Additionally, arbitration controller unit 814 maximizes the total
bandwidth of the system to achieve the best performance. In some
cases bursts are not broken up so that they can complete the use of
a memory channel. In other cases, a single subsystem controller
request is broken up and filled with multiple memory channel
accesses.
[0049] FIG. 9 shows an embodiment of an internal memory subsystem
900 including a memory subsystem controller (MSC) 960, a data
multiplexer (MUX) 910 and multiple banks of memory 920, 930, 940,
and 950. The MSC 960 receives a memory channel request via line 958
when a subsystem controller requests a memory access within the
address region associated with this memory subsystem. The MSC 960
controls the multiplexer 910 and the IRAM banks (920 through 950)

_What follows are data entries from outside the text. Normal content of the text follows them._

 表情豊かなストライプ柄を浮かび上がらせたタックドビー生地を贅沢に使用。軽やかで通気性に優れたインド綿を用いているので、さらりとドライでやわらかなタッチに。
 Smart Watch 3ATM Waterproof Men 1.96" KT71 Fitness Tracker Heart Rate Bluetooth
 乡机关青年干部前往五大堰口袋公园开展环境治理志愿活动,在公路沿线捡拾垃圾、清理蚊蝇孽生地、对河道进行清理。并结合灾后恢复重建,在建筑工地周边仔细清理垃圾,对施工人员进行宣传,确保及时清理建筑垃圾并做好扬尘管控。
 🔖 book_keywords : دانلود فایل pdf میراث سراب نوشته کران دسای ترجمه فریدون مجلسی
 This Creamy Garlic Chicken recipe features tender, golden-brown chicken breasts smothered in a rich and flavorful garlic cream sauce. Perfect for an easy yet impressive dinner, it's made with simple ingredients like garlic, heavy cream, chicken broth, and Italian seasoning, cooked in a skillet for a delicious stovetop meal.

to fulfill the data request. In the case of a read, the MSC 960
determines which IRAM bank contains the requested data and adjusts
the MUX 910 control so that the IMC data bus 902 receives the data
from the appropriate IRAM bank.
[0050] The MSC 960 must handle various size data requests. The IRAM
bank width can be independent from the width of the IMC data path
902. The MSC 960 uses the MUX 910 logic to ensure that the
appropriate data is transferred in the appropriate order to the IMC
902. This is an effective means for the MSC 960 to take advantage
of the wide data paths available from IRAM banks 920 through 950.

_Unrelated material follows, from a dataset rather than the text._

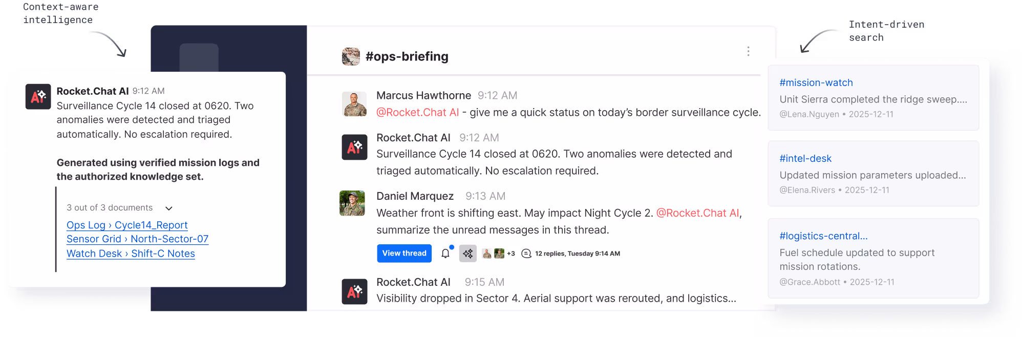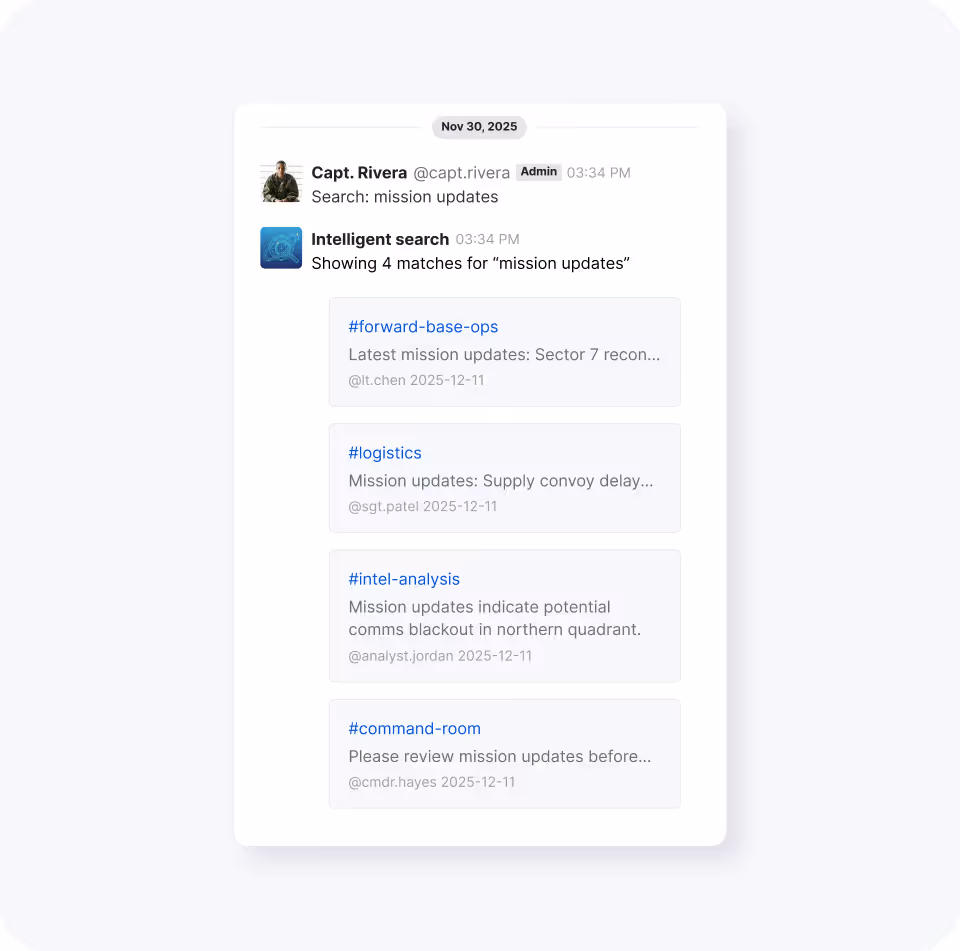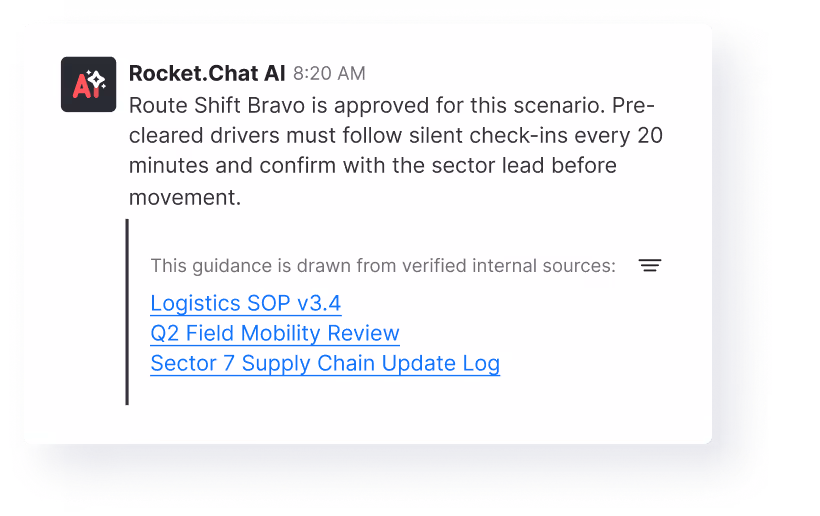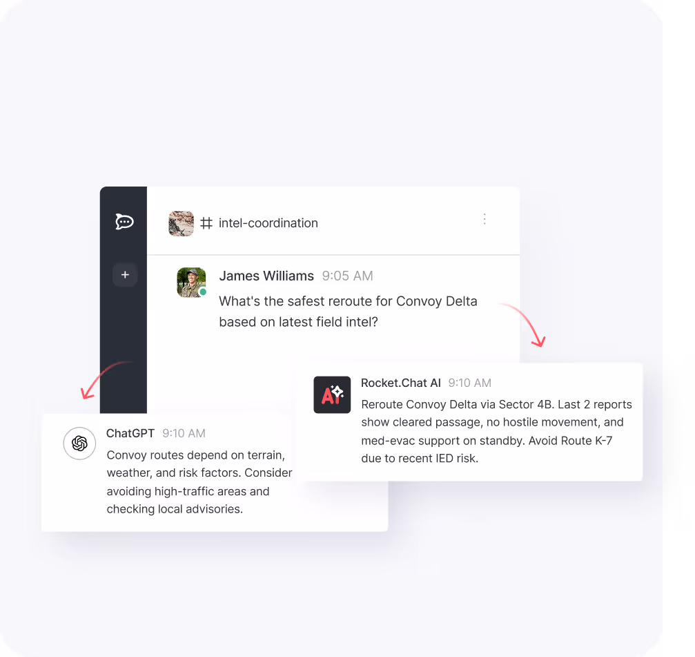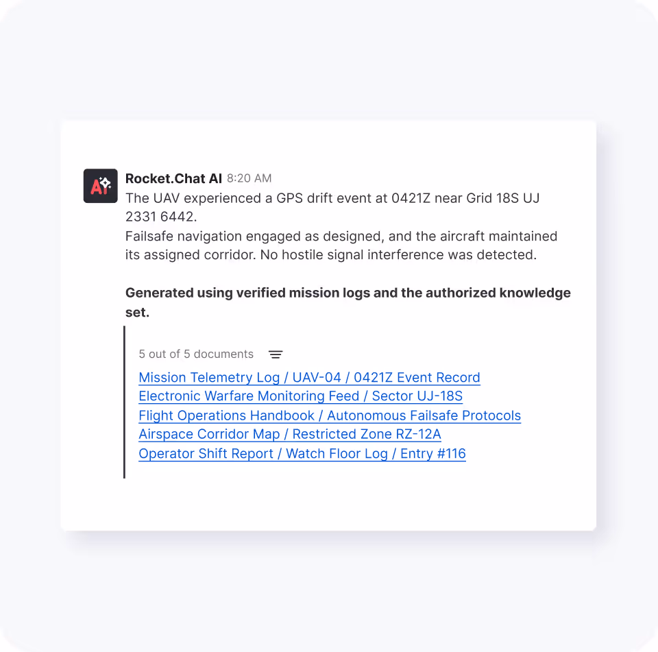 Rocket.Chat enables mission intelligence with sovereign AI, doctrine-aligned models, controlled access, and verified provenance so every insight is reliable, compliant, and operationally ready.

Multiple data transfers on the IMC 902 are accommodated by
proportionally fewer IRAM bank accesses.
[0051] Additionally, the configuration of the memory bank allows
fast sequential accesses. A bank of memory is defined as a
row-column array of storage cells. Typically in DRAM, an entire row
of the array is enabled with a single access. This allows any data
within that row to be acessed quickly. If an access to a different
row address within the same bank of IRAM occurs, a "pre-charge"
penalty is incurred and the access is delayed. To avoid the
likelihood of this occurrence, this example shows multiple banks
employed in the memory subsystem.
[0052] While an internal memory subsystem can be designed as a
singular bank, there are performance advantages to using multiple
banks of memory. FIG. 9 shows four banks of IRAM 920 through 950
multiplexed by multiplexer 910 onto a single internal memory
channel (IMC) 902, which improves the effective throughput of the
IMC 902. For example, the IRAM banks (920 through 950) are
interleaved so that sequential accesses occur to different banks.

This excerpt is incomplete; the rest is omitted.